Ethiopia’s government said it won’t cooperate with a probe into whether the World Bank violated its own policies by funding a program in which thousands of people were allegedly relocated to make way for agriculture investors.
Ethnic Anuak people in Ethiopia’s southwestern Gambella region and rights groups including Human Rights Watch last year accused the Washington-based lender of funding a program overseen by soldiers to forcibly resettle 45,000 households. The Inspection Panel of the World Bank, an independent complaints mechanism, began an investigation in October into the allegations, which donors and the government have denied
“We are not going to cooperate with the Inspection Panel,” Getachew Reda, a spokesman for Prime Minister Hailemariam Desalegn, said in a phone interview on May 22. “To an extent that there’s a need for cooperation, it’s not going to be with the Inspection Panel, but with the World Bank”

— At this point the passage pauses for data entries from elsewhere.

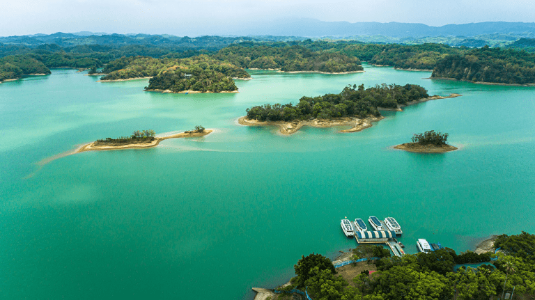 在台南烏山頭水庫看見珊瑚潭湖景鋪展開來,午後微風裡一步步走進水庫風景區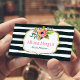 Classy Blommigt Watercolor Black White Stripe Visitkort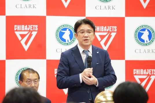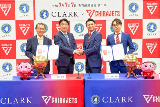 千葉ジェッツふなばしとクラーク国際の調印式の様子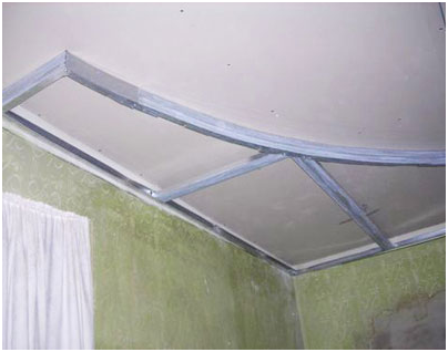 Для контуров будущего потолка применяются направляющие профили. Если требуется выполнить линию плавной, создать изгиб или полукруг, профиль немного надрезают и загибают в нужном направлении.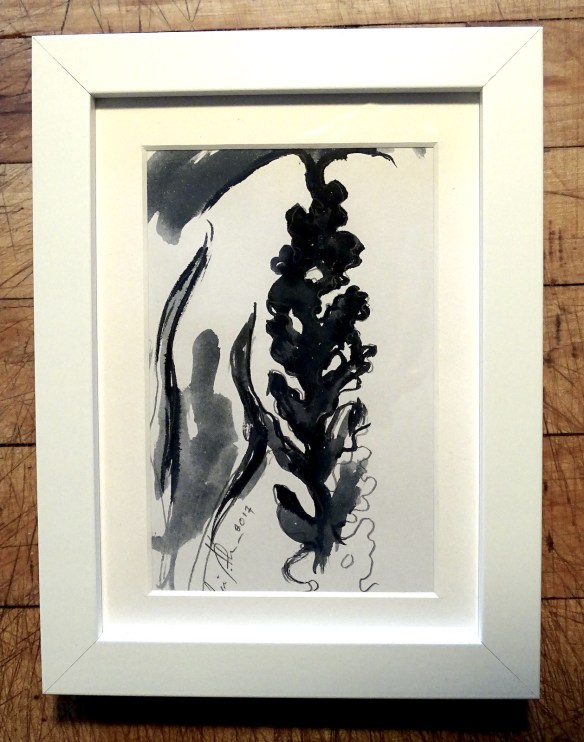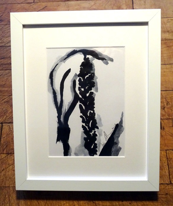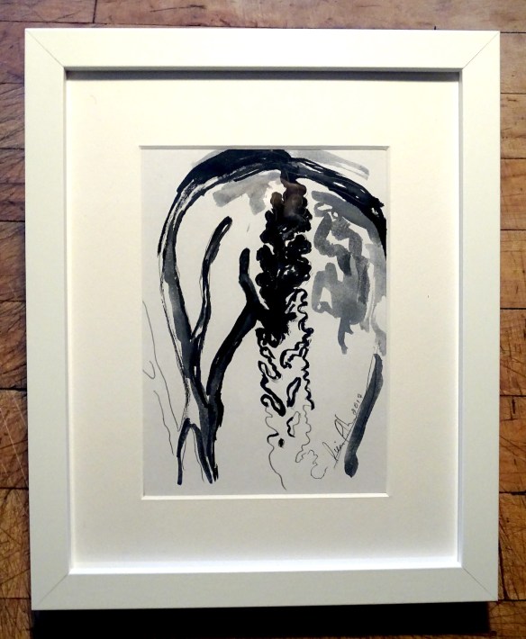 Titre de l’oeuvre : Chiendent no 2, 2017. Papier chiffon à l’encre de Chine et lavis. Dimensions encadrées : 20 cm x 15 cm ou 8 pouces x 6 pouces.

Ethiopia, Africa’s most-populous nation after Nigeria, has made 3.3 million hectares (8.2 million acres) of land available to agriculture companies. Investors include Karuturi Global Ltd. (KARG) of India, the world’s largest rose grower, and companies owned by Saudi billionaire Mohamed al-Amoudi.
There is a “plausible link” between the Promoting Basic Services program, partly funded by the bank to pay the salaries of local government workers, and a resettlement process also known as villagization in Gambella, the panel said in a Nov. 19 report obtained by Bloomberg News. The World Bank confirmed the authenticity of the report.